The main issue before the Employment Appeal Tribunal was whether the Employment Tribunal had erred in its approach to the school’s failure to disclose the evidence from the three potential witnesses. Mr Hargreaves argued that given the location of the incident, evidence that these witnesses had not seen anything was very relevant. He argued that the evidence of these witnesses having seen nothing was supportive of his account in that had events happened in the way alleged, they would have seen something.

The Employment Appeal Tribunal dismissed the appeal finding that:

  1. The Employment Tribunal had properly considered the correct investigation standard required where allegations are so serious that they may have career changing consequences. 
  2. The Employment Tribunal reached a permissible conclusion that the school’s decision fell within the band of reasonable responses when it decided not to take and provide statements from Ms Ivory, OB and OK.
  3. This was not a case where the employee was unaware of this evidence. Mr Hargreaves himself had named Mrs Ivory – he could have asked for the evidence to be pursued but did not do so.
  4. It was reasonable to conclude that these witnesses were simply unable to assist and therefore the Employment Tribunal was entitled to find the school had reasonably formed the view that their evidence could not assist.

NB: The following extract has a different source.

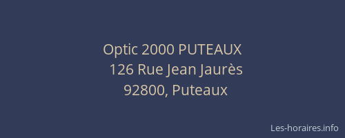 Voici les horaires de Optic 2000 PUTEAUX situé à Puteaux,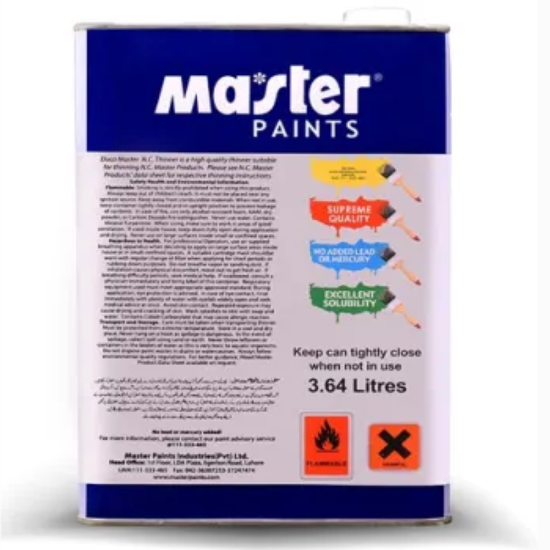 Our best NC thinner car paint is a high-performance solvent-based product that effectively dilutes lacquer paints, automotive finishes, and wood polishers. You can use it with NC types of car paints and automotive finishes like primers, fillers, sealers, and base paints. This thinner helps in surface penetration and cleaning, so it is essential for every car painting project. It makes spraying easier by thickening the paint for better flow. The NC thinner car paint in Pakistan is formulated to maintain the original qualities of the paint. Meaning, Master NC Thinner improves gloss, drying time, and overall finish. Buy Master NC thinner paint online in Pakistan at an affordable price.

What does this mean for employers?

This is a potentially useful case for employers in terms of the extent to which they must disclose evidence of people who say did not see anything. However, given the very specific factual background to this case, it remains advisable for employers to ensure the inclusion of all evidence available to them in investigation reports and disciplinary hearing packs. If anything is left out, then it is wise for the investigating manager to document in their investigation report why evidence has not been provided or taken further so that the employer is able to show it  carried out a fair and reasonable investigation.  It is important that the disciplinary panel or chair is not provided with a misleading or incomplete picture.